Une lutte contre la corruption
S’appuyant sur la « réussite » de la conférence des partenaires au développement, le locataire de Beit-salam a indiqué que la nouvelle année débutait avec « la conviction de bénéficier de financements conséquents pour la réalisation de nos projets phares, de nos projets structurants et de nos projets sectoriels, plus particulièrement la formation, l’insertion professionnelle et l’emploi des jeunes ». Pour rappel, la formation, l’insertion professionnelle et l’emploi des jeunes sont, entre autres, les volets couverts par l’enveloppe de 150 millions d’euros promise par la France en juillet 2019. Azali a ensuite appelé ses compatriotes à « redoubler d’efforts afin de faire de 2020, l’année du lancement des grands chantiers qui nous mèneront vers le progrès et la prospérité».
Dans ce même élan, le locataire de Beit-Salam a affiché sa détermination à lutter contre la corruption, « ce fléau qui constitue le principal handicap qui dissuade les investisseurs étrangers de venir s’installer dans notre pays, et qui fait fuir ceux qui sont sur place, tuant ainsi l’esprit d’entreprenariat au niveau local », dira-t-il. Un engagement qui risque de ne pas convaincre grand monde quand on se rappelle que c’est le même Azali qui, dès son arrivée au pouvoir, s’est empressé de liquider la commission nationale de lutte contre la corruption.

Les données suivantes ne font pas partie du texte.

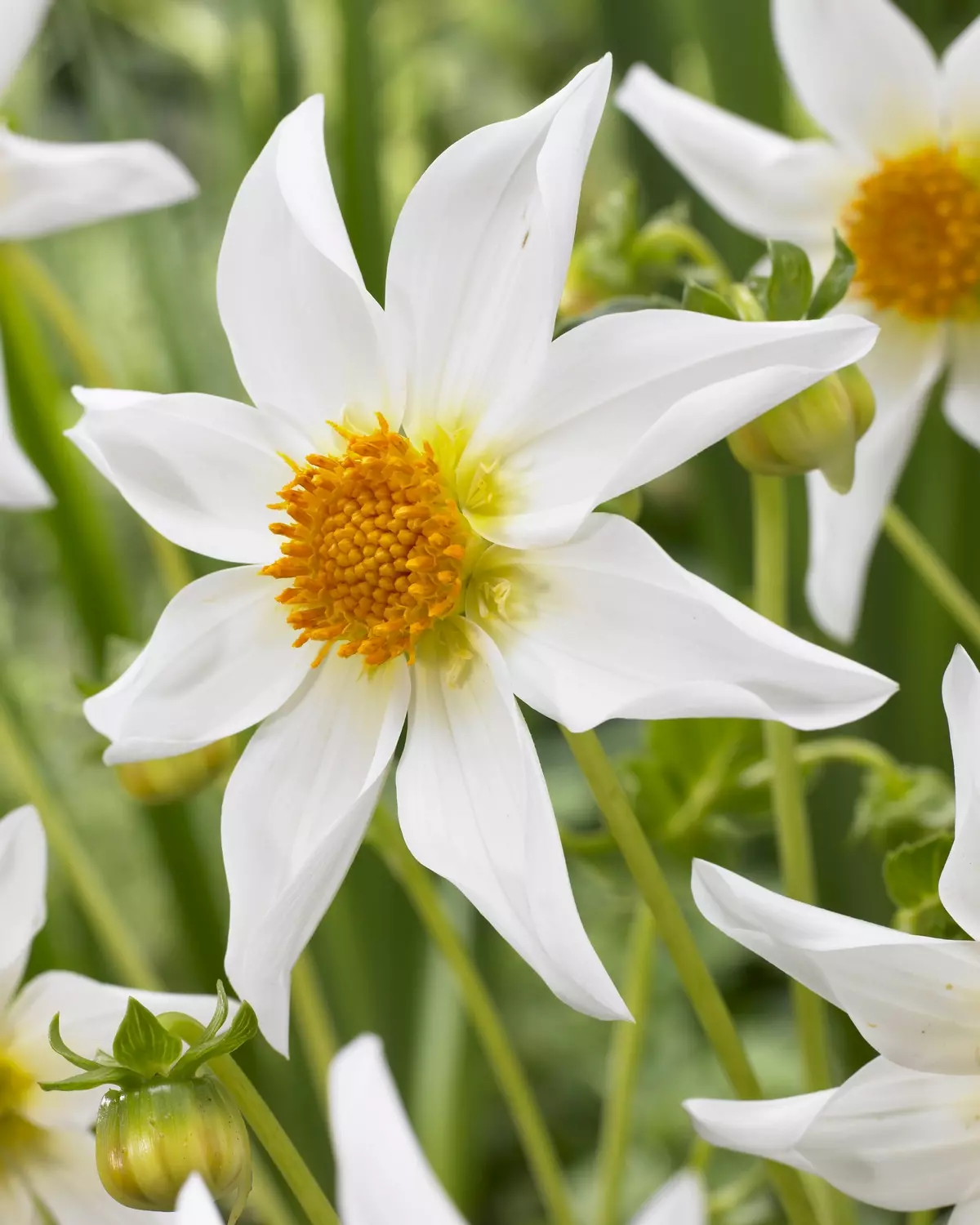 Dahlia ‘Honka White’ is a delicate starburst of pure elegance, its slender petals stretching outward in pure white points. Creating an almost translucent softness that contrasts beautifully with its warm, golden centre.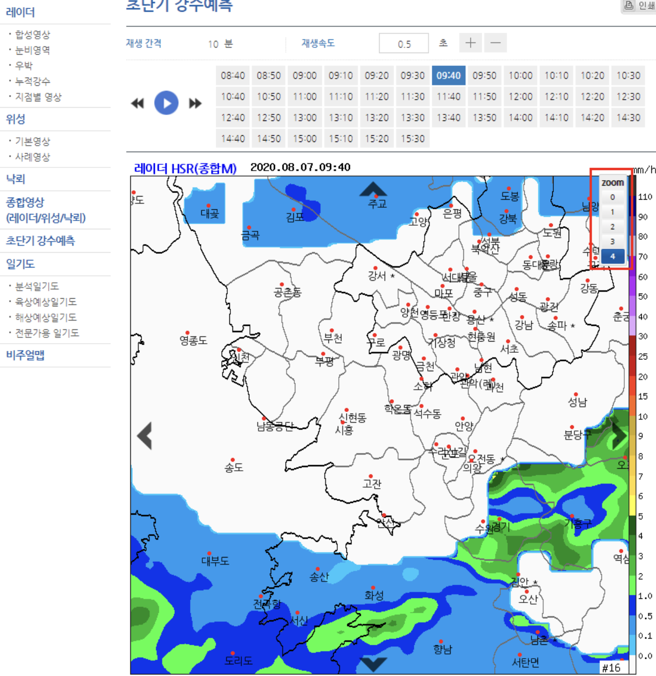 - 현재 강수 상황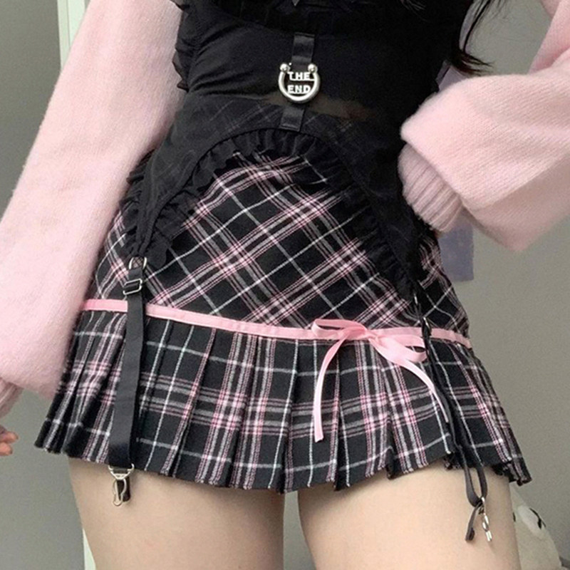 Weekeepk Millennium Hot Girl Black Red, проверенная кожа юбка для женской красивой ретро -кампус юбки для котенок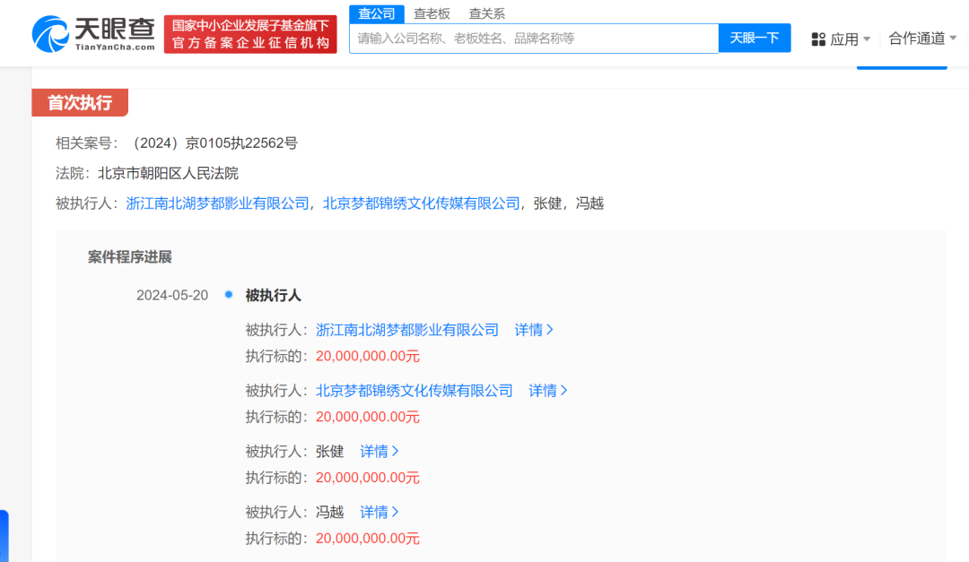 天眼查App显示,近日,浙江南北湖梦都影业有限公司、北京梦都锦绣文化传媒有限公司、张健(演员张若昀父亲)、冯越新增一则被执行人信息,执行标的2000万元,执行法院为北京市朝阳区人民法院。历史股东信息显示,张若昀父亲张健曾为浙江南北湖梦都影业有限公司股东,2015年其所持股份转给张若昀,2017年张若昀退出股东行列。此后,张若昀还曾因确认合同无效纠纷起诉该公司。
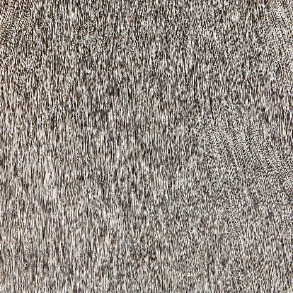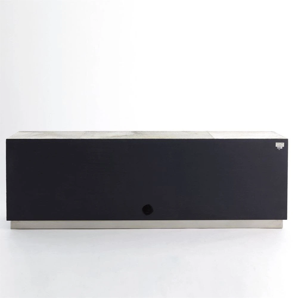 The stunning Metro Long Cabinet earns its name with distinctive grey hair-on hide on each of its six drawer fronts, two doors and cabinet sides. A sleek plinth base in a satin nickel finish grounds the piece beautifully, while a velvety poly-suede lined interior adds a perfectly polished finishing touch. Behind the center doors is a single shelf. Three drawers flank each side of the doors with a black grommet for easy media access. Hardware are cast from an antique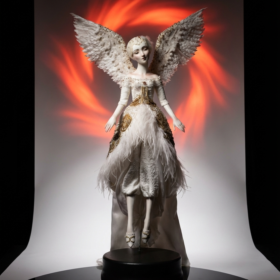 Материалы: бисквитный фарфор, надглазурная роспись, натуральный шёлк, перья, бисер, пайетки, стеклярус, полудрагоценные камни, ручная вышивка по шёлку, золотая канитель. Подставка: дерево.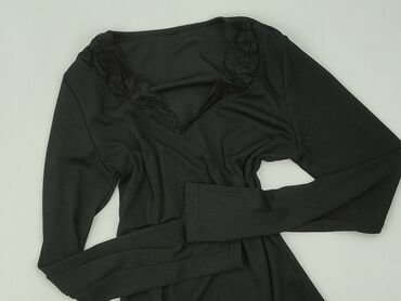 Czarna damska bluzka z długim rękawem i dekoltem w serek (V-neck). Lekka, miękka dzianina – cienki, elastyczny materiał przyjemny w noszeniu. Prosty, lekko dopasowany krój, długość do bioder. Bez n...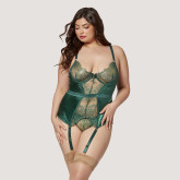 - Eyelash Lace & Shining Satin Bustier in Emerald

Une contestation venue de l’extérieure
Sur le plan politique, il apparait clairement qu’Azali fait une analyse politique biaisée par rapport au mouvement de contestation contre son régime qui s’exprime depuis neuf mois à l’intérieur du pays et au sein de la diaspora. Droit dans ses rangers, le colonel Azali s’évertue à reléguer cette contestation dans le rang d’un simple « discours de la haine » propagé par des gens mal informés sur les réalités politiques de leur pays. « De nombreux compatriotes, notamment des frères et sœurs de la Diaspora se sont alarmés et se sont mobilisés contre ce qu’ils appellent la dictature dans notre pays. J’espère que ceux et toutes celles qui ont eu l’occasion de se rendre et de séjourner au pays ces derniers mois et ces dernières semaines, pour nos festivités et nos cérémonies traditionnelles, et qui ont donc vécu de l’intérieur, la réalité de notre pays, diront aux contestataires, qu’aucun d’entre eux n’a jamais été inquiété, pour dissiper la fausse image, qu’ils ont de leur pays. J’espère qu’ils leur diront que la peur et la dictature contre lesquelles ils disent lutter à l’étranger, n’existent que dans leur esprit », a-t-il lancé. Sans rire. Comme si, il essayait de se convaincre qu’il ne s’agit là que de l’œuvre d’une poignée de « haineux » manipulés qui contribuent à la « la prolifération de discours de haine (…) qui a parfois abouti à des agressions physiques » ces derniers mois.
Des élections boycottées
Dans son discours le président Azali reviendra également sur « les dures épreuves, en matière de sécurité, de stabilité et de cohésion nationale » dont le pays a fait face l’année dernière à cause d’une « période pré et postélectorale très difficile ». Mais après ce constat, il préfèrera évacuer rapidement cette épisode et embrayer sur le présent en rappelant au passage que « l’Etat a assumé ses responsabilités en apportant les solutions indiquées, afin de renouer avec l’apaisement, la sérénité et la concorde dans notre pays ». Il rappellera la tenue prochaine du « double scrutin législatif et communal » en janvier et février qu’il espère « libre et transparente » afin de « confirmer la maturité politique de notre pays ». Ce sont pourtant ces garanties que l’opposition aura demandé, sans succès, durant de longs mois. Ce qui incita ses membres à boycotter ces élections.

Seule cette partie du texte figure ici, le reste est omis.